Foi também no fim dos 70 que nasci de novo, após três anos errando à procura de um sentido para a vida em filosofias do extremo oriente. Minha procura terminou no oriente médio
e os anjos ficaram alegres.

Voltei à civilização para continuar a carreira de arquiteto. Tive escritório de arquitetura, fui vendedor de materiais de acabamento, negociador no Banco Itaú e Cia do Metrô, editor de publicações cristãs da Verdades Vivas, tradutor técnico e diretor de comunicação e marketing da Widesoft.

Dinossauro da Internet no Brasil, em 1996 criei meu primeiro site, o bilíngüe
True Stories, seguido do trilíngüe Chapter-A-Day. Trabalhando na Widesoft, criei a comunidade Widebiz e ultimamente mantenho alguns blogs, como este CAFE, o biográfico Quero Contar e o devocional O Pintor em Minha Janela.

Hoje sou
palestrante, escritor, professor e estrategista de comunicação e marketing, além de garçom aqui no Mario Persona CAFE. Para saber mais é só clicar nos docinhos do cardápio profissional lá no alto.

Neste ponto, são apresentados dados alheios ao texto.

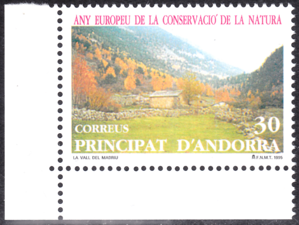 Auch die Spanische Post in Andorra war das Europäische Naturschutzjahr 1995 eine Markenausgabe wert. Hier zeige ich ein Eckrandstück der Marke zu 30 Peseta (MiNr 241) mit einer Landschaftsansicht im Madriu-Tal.
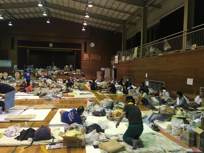 AARの高木卓美と田中晴子のチームは現在、岡山県倉敷市で被災状況とニーズの調査を行っており、同時並行で加藤勉理事(NPO法人ピースプロジェクト代表)と大原真一郎のチームがNPO法人ピースプロジェクトと協力し、炊き出しを実施しています。7月9日と10日は、避難所となっている倉敷市立二万小学校にてのべ750人に食事を提供しました。

Descobri o ócio criativo e faço que gosto trabalhando em casa. Meus clientes nunca iam ao meu escritório — nem eu — por isso decidi assumir o modelo home-office, conectado a um atendimento profissional, empresas parceiras, ao meu filho
Lucas Persona e aos meus clientes. Adotei o modelo futuro no presente.

Ao lado de minha mesa fica a poltrona de meu filho Pedro, que passa o dia escutando música. Quem é Pedro? Esta é uma outra história que você encontra no livro
"Uma Luta pela Vida", de minha filha Lia Persona, ou acompanhando o blog Quero Contar .

Com tanta
gente lendo meus textos, visitando meu site, assistindo minhas palestras, costumo receber um bom número de e-mails de leitores. Mas nenhum foi tão enigmático quanto aquele que trazia apenas uma pergunta: "Por que você se chama Mario Persona?".

"Você é o contador de histórias de sua própria vida, e poderá ou não criar sua própria lenda."